System Analysis Working Group Meeting

14/4-030 (CERN)



Show room on map
This was a first regular meeting after summer and autumn months break, when we had meeting in the smaller groups of developers and prople requesting the application. During last meeting before the break we discussed the ATLAS job monitoring for analyis and production. There was a big progress done over last months done in the development of the new production monitoring for ATLAS and CMS experiments. In case of ATLAS the input informatiion source is ATLAS production system database , the user interface was completely redesigned by Benjamin Gaidioz in the Dashboard framework, preserving all functionality which existed in the old interface but adding new features requested by the users of the system.
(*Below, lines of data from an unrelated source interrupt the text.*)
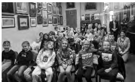
» Klasa 2 z programu dwujęzycznego polsko-angielskiego ze Szkoły Publicznej nr 34.

Od ponad 20 lat Instytut Józefa Piłsudskiego w Ameryce zaprasza dzieci i młodzież na wyjątkowe lekcje historii, przybliżające im losy Polski i Polaków. W roku sprawozdawczym 2024/2025 zorganizowaliśmy łącznie osiem spotkań edukacyjnych. Jesienią gościliśmy uczniów amerykańskiej szkoły publicznej P.S. 34 z Brooklynu, z którą współpracujemy w ramach programu Polish-English Dual Language Program. Wiosną odwiedzili nas uczniowie z trzech polonijnych szkół sobotnich: Polskiej Szkoły przy parafii Św. Cyryla i Metodego na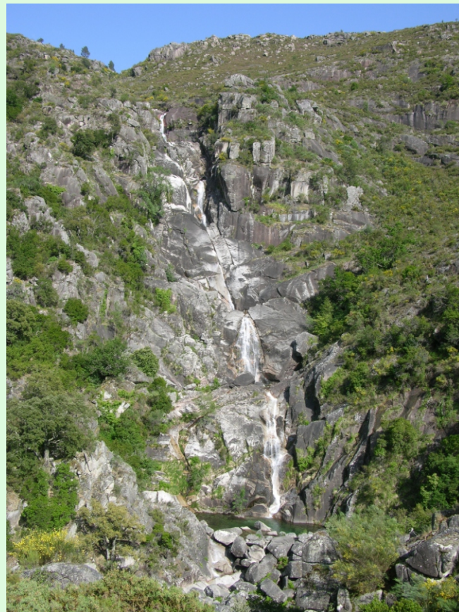
Salto de Corga da Frecha, un afluente do Riocaldo.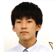
操南中出身 サイエンス部

①校外活動で、モデルロケットの大会に参加しており、それに惹かれ、自分も出たいと思った。 ②先輩や先生方にいろいろな質問をした際に、対応がとてもすばらしく、温かい。また、クラス同士の仲がとても良く、玉高に来て良かったと思う。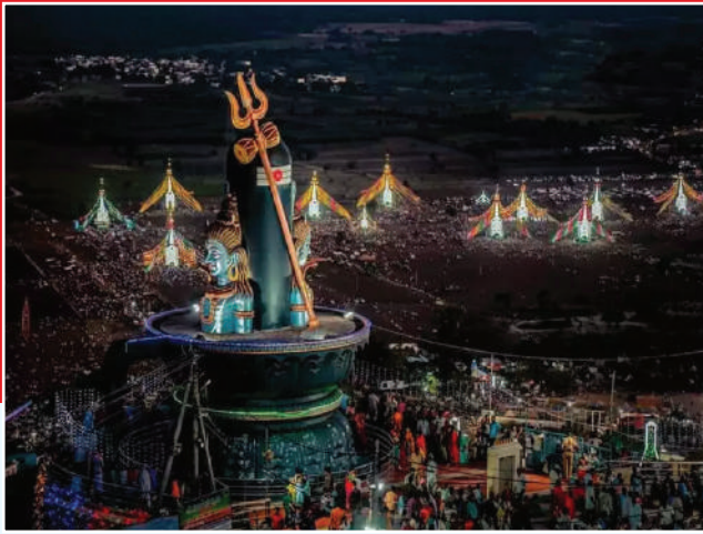
పల్నాడు జిల్లా నేటి దినపత్రిక సూర్య జ్యూరీ

పరమేశ్వరుడు జ్ఞానోపదేశం ఇచ్చిన పవిత్ర పుణ్యక్షేత్రమే కోటప్పకొండ. సృష్టికర్త బ్రహ్మదేవునికే జ్ఞానోపదేశం ఇచ్చిన ప్రదేశంగా యుగయుగాల నుంచి ఖ్యాతిచెందింది. 'చేదుకో కోటయ్య.. మమ్మాదుకోవయ్యా...' అంటూ యల్లమంద కోటయ్యగా ప్రజల పూజలందుకొనే త్రికోటేశ్వరస్వామి వారి దేవాలయం గుంటూరు జిల్లా నరసరావు పేట సమీపంలోని కోటప్పకొండ గ్రామంలో ఉంది. మహాశివరాత్రి పర్వదినాల్లో అత్యంత రద్దీగా భక్తజనంతో నిండిపోతుంది.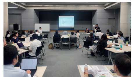
令和7年度の研修の様子

Tel: 03-5213-1725 Mail: tabunka@clair.or.jp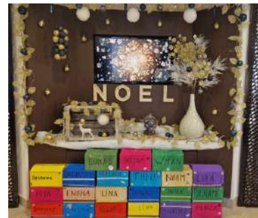
La résidence du Lac de Maine a remis des boîtes remplies de présents à 25 adolescents accueillis par l'association Marie Durand à Angers

Nous exprimons notre profonde gratitude à chaque résidence du Groupe Emera, aux collaborateurs, aux résidents et leur famille, ainsi qu'à tous ceux qui ont contribué à faire de cette collecte un succès.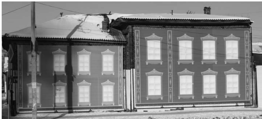
Фото А.А. Жильцов, декабрь 2016 г. Лит. А. Главный (юго-восточный) фасад, вид с ул. Софьи Перовской.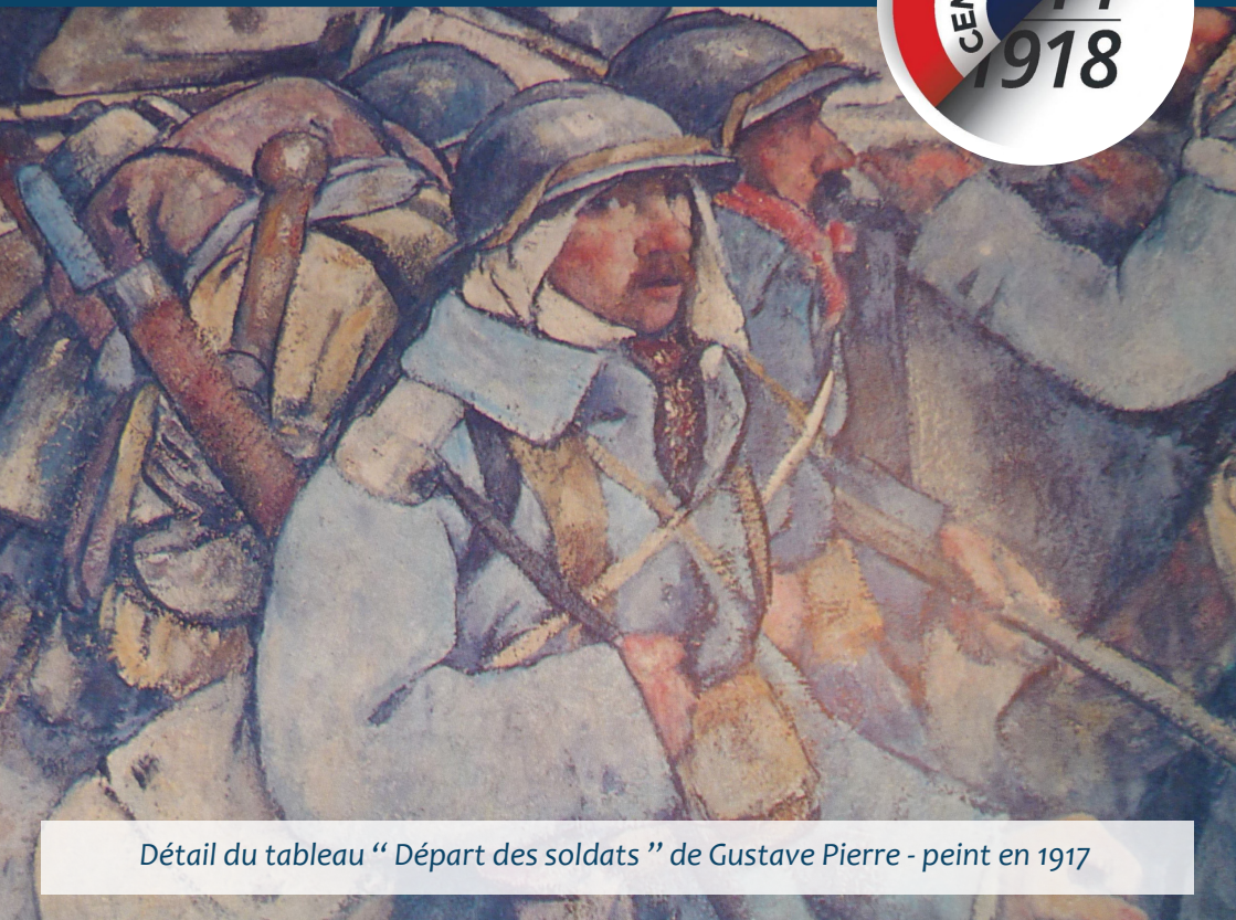
Détail du tableau "Départ des soldats" de Gustave Pierre - peint en 1917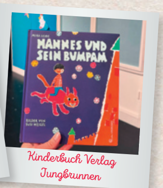
Kinderbuch Verlag Jungbrunnen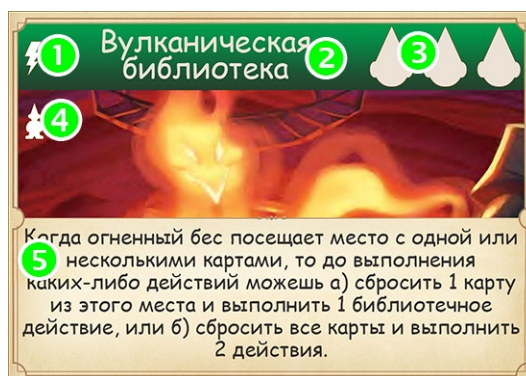
Карта библиотеки: 1 – немедленное действие, 2 – название, 3 – клетки для работников, 4 – метка соло-игры, 5 – действие

Игра состоит из раундов, во время которых игроки делают ходы, отправляя своих работников в разные места, чтобы получить в руку карты. Из этих карт игроки составляют свою библиотеку, размещая плитки в порядке возрастания их номеров, стараясь собрать как можно больше книг требуемой и популярной категорий, и как можно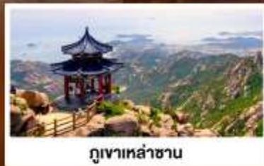
ภูเขาเหลาชาน

Currently both interfaces are run in parallel, the complete switch should happen by the end of 2007. In case of CMS , CMS Dashboard is now used as a central repositoriy of the CMS production monitoring data. All DB application related work is handled by the Dashboard team, the UI is developed by the CMS production development team, the web application will talk to the dashboard via API which dashboard team (Irina Sidorova) is currently working on.
There are minutes attached to this event. Show them.
    • 10:30 11:00
      Increasing reliability of the job monitoring application in the Experiment Dashboard

      Currently Job Monitoring application in the dashboard is using multiple sources of information. The primary source working across several infrastructures is Job submission tool via MonALISA. For LCG for job status changes information from LB is used, which is obtained from RGMA or ICRTM. More and more experiment users are using direct condor-g submission. In this case dashboard does not have any additional information source except
      Job Submission Toll and it is not always sufficient. At the same time we noticed that gLite WMS are mostly not monitored by RGMA and ICRBRTM, so an alternative source of information has to be regarded in this case.
      Two topics to be discussed related to it:
      1).How we get job status changes information in case of direct condor_g submission
      2).How we get job status changes information from LB, using for example subscription mechanism.

      • 10:30
        Instrumenting of the condor_g submitter with Dashboard reporting 20m
        Speaker: Sergey Belov (Unknown)
        Sergey will prepare the documentation for installation of the modified version of condor_g and which modifications are required in Job Submission tools and put it on twiki of the System Analysis Working Group. Julia will coordinate with the CMS people further tests.
      • 10:50
        Discussion. How we proceed with testing of the LB subscription. 10m
        How we proceed with testing of the LB subscription This work had just started. Enzo will follow on with his stests keeping Julia and Pablo informed how it is going. In case of success the subscription mechanism is supposed to be used by the Experiment Dashboards in the global VO scope and in CRAB and ProdAgent for getting info about job status changes for jobs submitted by a particular server.
        Speaker: all
        This work is just started. Enzo Miccio will run first tests. In case of success the subscription mechanism should be used by the Dashboard (in global scope for the VO), by Crab and ProdAgent to get status changes for the jobs submitted via a given server.
    • 11:20 11:40
      Requrements for the simple page where CMS analysis usesr can find neccessary information about site where their jobs are supposed to run 20m
      Discussion. CRAB support team consisders that it would be useful to have a simple web page where CRAB analysis users as well as CRAB support team can find in one place answers to the questions: My job was aborted because the corresponding resource is not found , why? My jobs are pending at the site forever, why? All my jobs are failing at a particular site, is there a known problem with the site? The content of the page is more or less clear: Whether the site is in BDII Whether the CMS specific tests fail at the site Whether the site has a required CMSSW software Whether the site is overloaded (number of pending/running jobs) Federica Fanzago will try to define how the page should look like and be navigated and we will discuss it on one of the next meetings.
      Speaker: Federica FANZAGO
    • 11:40 12:00
      New request from ATLAS to display access to data samples per site 20m
      The possibility to get from the Dashboard an XML which would contain information about datasets which are accessed at a given site and how often. Looks like this possibility already exists. Julia sent Dietrich instruction, he will check hthere this is enough. Two other items in the Dietrich slides about information of jobs submitted via PANDA and submitted to NorduGrid requires more detailed discussion and will be discussed at an allocated meeting.
      Speaker: Dietrich Liko (CERN)